→ **DIRECTIONS FOR THIS TASK**: All records should be reproduced verbatim.

---

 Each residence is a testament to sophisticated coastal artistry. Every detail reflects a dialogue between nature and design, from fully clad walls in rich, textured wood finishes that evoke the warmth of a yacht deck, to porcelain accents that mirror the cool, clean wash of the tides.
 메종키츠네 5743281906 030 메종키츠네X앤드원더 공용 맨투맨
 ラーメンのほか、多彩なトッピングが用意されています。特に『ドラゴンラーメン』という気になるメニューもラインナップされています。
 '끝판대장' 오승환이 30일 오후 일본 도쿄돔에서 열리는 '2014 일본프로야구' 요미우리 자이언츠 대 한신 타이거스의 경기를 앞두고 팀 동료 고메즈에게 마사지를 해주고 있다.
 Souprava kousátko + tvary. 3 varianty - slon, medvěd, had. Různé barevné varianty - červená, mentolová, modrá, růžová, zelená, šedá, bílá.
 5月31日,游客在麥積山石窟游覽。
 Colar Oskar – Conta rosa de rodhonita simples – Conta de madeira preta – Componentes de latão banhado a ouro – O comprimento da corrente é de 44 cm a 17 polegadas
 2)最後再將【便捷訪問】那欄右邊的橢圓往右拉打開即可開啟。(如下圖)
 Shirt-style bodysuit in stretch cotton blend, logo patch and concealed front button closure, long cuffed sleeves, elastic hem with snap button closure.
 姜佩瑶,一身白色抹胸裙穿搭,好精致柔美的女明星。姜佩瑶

---

→ **SOLVED PROBLEM**:
 Each residence is a testament to sophisticated coastal artistry. Every detail reflects a dialogue between nature and design, from fully clad walls in rich, textured wood finishes that evoke the warmth of a yacht deck, to porcelain accents that mirror the cool, clean wash of the tides.
 메종키츠네 5743281906 030 메종키츠네X앤드원더 공용 맨투맨
 ラーメンのほか、多彩なトッピングが用意されています。特に『ドラゴンラーメン』という気になるメニューもラインナップされています。
 '끝판대장' 오승환이 30일 오후 일본 도쿄돔에서 열리는 '2014 일본프로야구' 요미우리 자이언츠 대 한신 타이거스의 경기를 앞두고 팀 동료 고메즈에게 마사지를 해주고 있다.
 Souprava kousátko + tvary. 3 varianty - slon, medvěd, had. Různé barevné varianty - červená, mentolová, modrá, růžová, zelená, šedá, bílá.
 5月31日,游客在麥積山石窟游覽。
 Colar Oskar – Conta rosa de rodhonita simples – Conta de madeira preta – Componentes de latão banhado a ouro – O comprimento da corrente é de 44 cm a 17 polegadas
 2)最後再將【便捷訪問】那欄右邊的橢圓往右拉打開即可開啟。(如下圖)
 Shirt-style bodysuit in stretch cotton blend, logo patch and concealed front button closure, long cuffed sleeves, elastic hem with snap button closure.
 姜佩瑶,一身白色抹胸裙穿搭,好精致柔美的女明星。姜佩瑶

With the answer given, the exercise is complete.